Bütün bunları gördüm ve güneşin altında yapılan her iş üzerinde kafa yordum. Gün gelir, insanın insana egemenliği kendine zarar verir.
10 And then I saw the ungodly carried into the tombs, and [that] out of the holy place: and they departed, and were praised in the city, because they had done thus: this also is vanity.
Bir de kötülerin gömüldüğünü gördüm. Kutsal yere girip çıkar, kötülük yaptıkları kentte övülürlerdi. Bu da boş.
11 Because there is no contradiction made on the part of those who do evil quickly, therefore the heart of the children of men is fully determined in them to do evil.
Suçlu çabuk yargılanmazsa, insanlar kötülük etmek için cesaret bulur.
12 He that has sinned has done evil from that time, and long from beforehand: nevertheless I know, that it is well with them that fear God, that they may fear before him:
Günahlı yüz kez kötülük edip uzun yaşasa bile, Tanrı'dan korkanların, O'nun önünde saygıyla duranların iyilik göreceğini biliyorum.
13 but it shall not be well with the ungodly, and he shall not prolong his days, [which are] as a shadow; forasmuch as he fears not before God.
Oysa kötü, Tanrı'dan korkmadığı için iyilik görmeyecek, gölge gibi olan ömrü uzamayacaktır.
14 There is a vanity which is done upon the earth; that there are righteous persons to whom it happens according to the doing of the ungodly; and there are ungodly men, to whom it happens according to the doing of the just: I said, This is also vanity.
Yeryüzünde boş bir şey daha var: Kötülerin hak ettiği doğruların, doğruların hak ettiğiyse kötülerin başına geliyor. Bu da boş, diyorum.
15 Then I praised mirth, because there is no good for a man under the sun, but to eat, and drink, and be merry: and this shall attend him in his labour all the days of his life, which God has given him under the sun.
Mutluluğu övgüye değer buldum. Çünkü güneşin altında insan için yiyip içmekten, mutlu olmaktan daha iyi bir şey yoktur. Çünkü Tanrı'nın güneşin altında kendisine verdiği ömür boyunca çektiği zahmetten insana kalacak olan budur.
16 Whereupon I set my heart to know wisdom, and to perceive the trouble that was wrought upon the earth: for there is that neither by day nor night sees sleep with his eyes.
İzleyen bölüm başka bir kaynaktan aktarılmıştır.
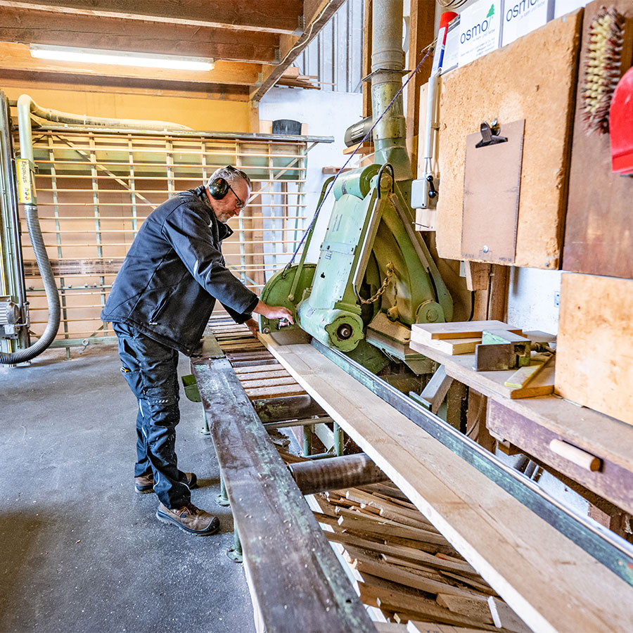 Wir übernehmen den genauen Zuschnitt, das Hobeln, die Ausarbeitung von Eckverbindungen oder Arbeitsplattenausschnitte, auf Wunsch für Sie.
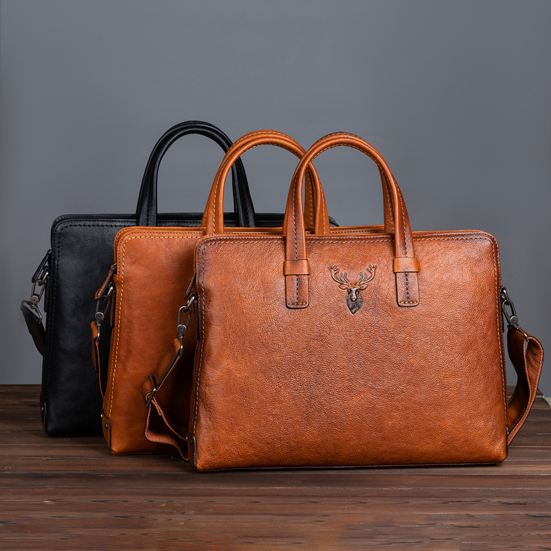 簡単タイプの潮版植なめし牛革レトロカジュアル男性ブリーフケースカジュアルバッグパソコンバッグ
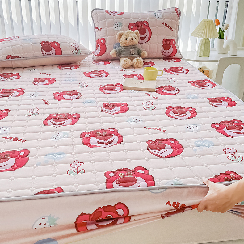 恒尚居 2024新款小清新印花水洗棉大豆夹棉床笠 草莓熊
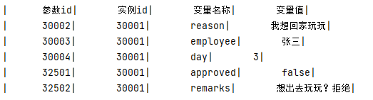 //模拟请假流程的参数 variableMap.put("employee","张三"); variableMap.put("day",3); variableMap.put("reason","回家玩玩"); ProcessInstance holidayRequest = processEngine.getRuntimeService() .startProcessInstanceByKey("holidayRequest", variableMap); System.out.println("holidayRequest.getProcessDefinitionId() = " + holidayRequest.getProcessDefinitionId()); System.out.println("holidayRequest.getId() = " + holidayRequest.getId()); System.out.println("holidayRequest.getProcessInstanceId() = " + holidayRequest.getProcessInstanceId()); System.out.println("holidayRequest.getActivityId() = " + holidayRequest.getActivityId()); }
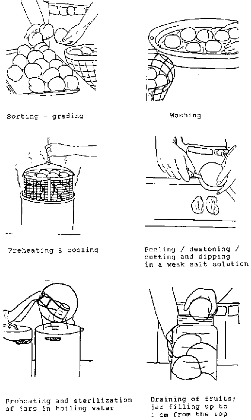 Fig. 5.6.1 (see Figure 5.6.1 Simplified and illustrated flow-sheet of the operation cycle for fruit and vegetables heat preservation) shows a simplified and illustrated flow-sheet of the operation cycle for fruit and vegetable heat preservation. Fig. 5.6.2 (see Figure 5.6.2 Illustration of technological steps for preservation of fruits in glass jars: Peaches and Figure 5.6.2 (continued)) is an illustration of technological steps for preservation of fruits in glass jars.
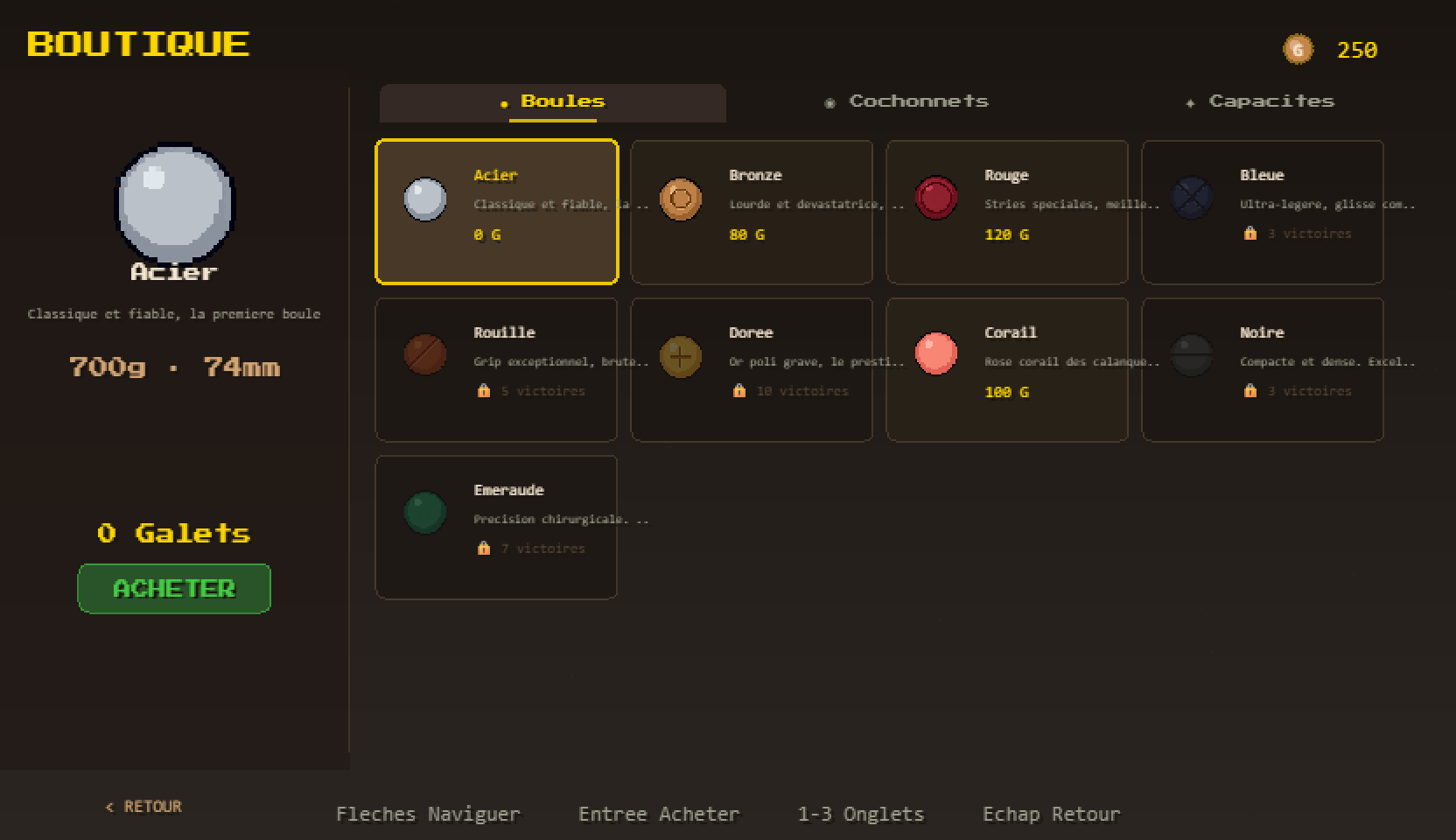 Trois façons de lancer (demi-portée, plombée, tir au fer), cinq terrains avec une physique vraiment différente, une boutique pour améliorer tes boules et ton cochonnet, et un mode Arcade avec progression.

Bilgeliği ve dünyada çekilen zahmeti anlamak için kafamı yorunca –öyleleri var ki, gece gündüz gözüne uyku girmez–
17 And I saw all the works of God, that a man shall not be able to discover the work which is wrought under the sun; whatever things a man shall endeavour to seek, however a man may labour to seek it, yet he shall not find it; yes, how much soever a wise man may speak of knowing it, he shall not be able to find it: for I applied all this to my heart, and my heart has seen all this.
Tanrı'nın yaptığı her şeyi gördüm. İnsan güneşin altında olup bitenleri keşfedemez. Arayıp bulmak için ne kadar çaba harcarsa harcasın, yine de anlamını bulamaz. Bilge kişi anladığını söylese bile gerçekten kavrayamaz.